Factorial MANOVA

MANOVA is used when you want to integrate multiple dependent variables into a factorial analysis. The procedure constructs a new “canonical variate” (a weighted linear combination of the DVs) for each effect that maximally discriminates among the conditions of that effect, then tests whether the discrimination (mean difference) is significant.

I like to start the analysis with separate factorial ANOVAs for each DV, to get an idea of the differential patterns of effects for the different DVs. Also, it is always good to know the bivariate effects, so you can determine whether or not the multivariate results have any “surprises.” Sometimes, if there are no interesting multivariate effects, it may be preferable to present the individual factorial ANOVAs, rather than the factorial MANOVA. Considerations such as your audience and the importance and representativeness of your individual DVs would all be part of this decision. SPSS/GLM gives these results in a very nice and easy-to-use form.
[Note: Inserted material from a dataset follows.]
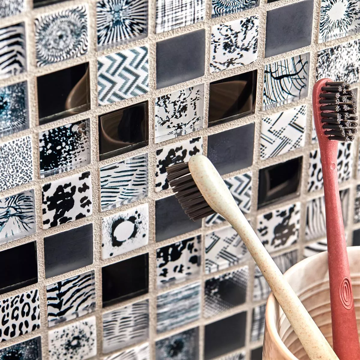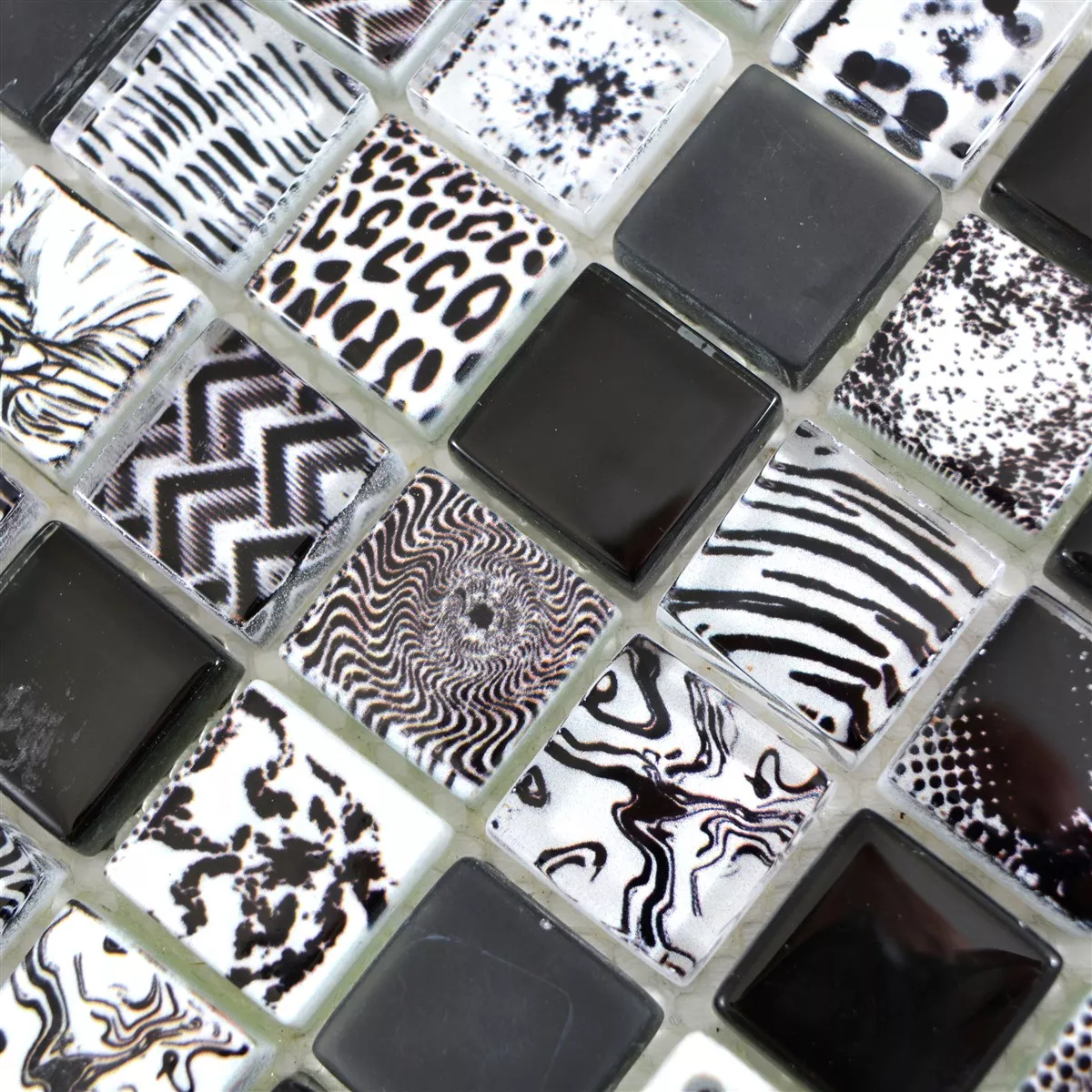 Sample Glass Mosaic Tiles Cornelia Retro Optic Black
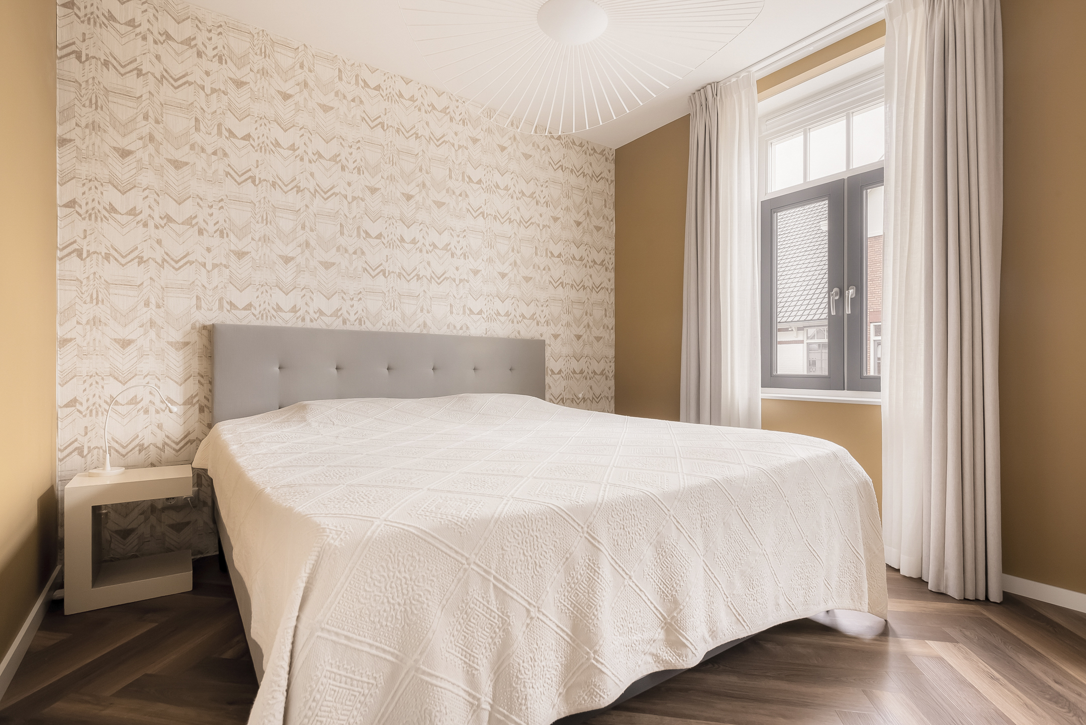 The front bedroom is particularly impressive due to its ceiling height of no less than 4.5 meters, giving the room a spacious and distinctive character. At the rear is the second bedroom, located next to the bathroom.

The next stage is to get the multivariate tests. SPSS/GLM also does this very nicely. However, when it comes to interpreting the multivariate effects and performing multivariate follow-ups, SPSS/GLM isn’t very helpful. The good news is that SPSS/MANOVA gives us some additional information, and we can write a bit of code to get a very useful approximation of the rest!

One challenge to these analyses is that there is a lot of output, and some of the tables are pretty large. So, this runs on a bit… Also, this example works with a very small sample; as with other multivariate analyses, larger sample sizes that give both statistical power and ample stability should be used whenever possible!

The Study:

The study sought to explore how different combinations of reinforcement (praising correct responses, criticizing incorrect responses, or no feedback) and task difficulty (easy or hard) on initial trials would influence three outcome variables, number of problems attempted, number of problems correct, and problem-completion speed on subsequent trials. Participants completed 20 “training trials” which were designed to produce a pattern of 10 correct and 10 incorrect answers. Whether the task was presented as “easy” or “hard” and the type of reinforcement given were randomly assigned. Participants were then given an opportunity to complete as may trials as they wanted, and were paid $5 for each trial on which they got the problem correct. Verbal feedback was not given on these trials.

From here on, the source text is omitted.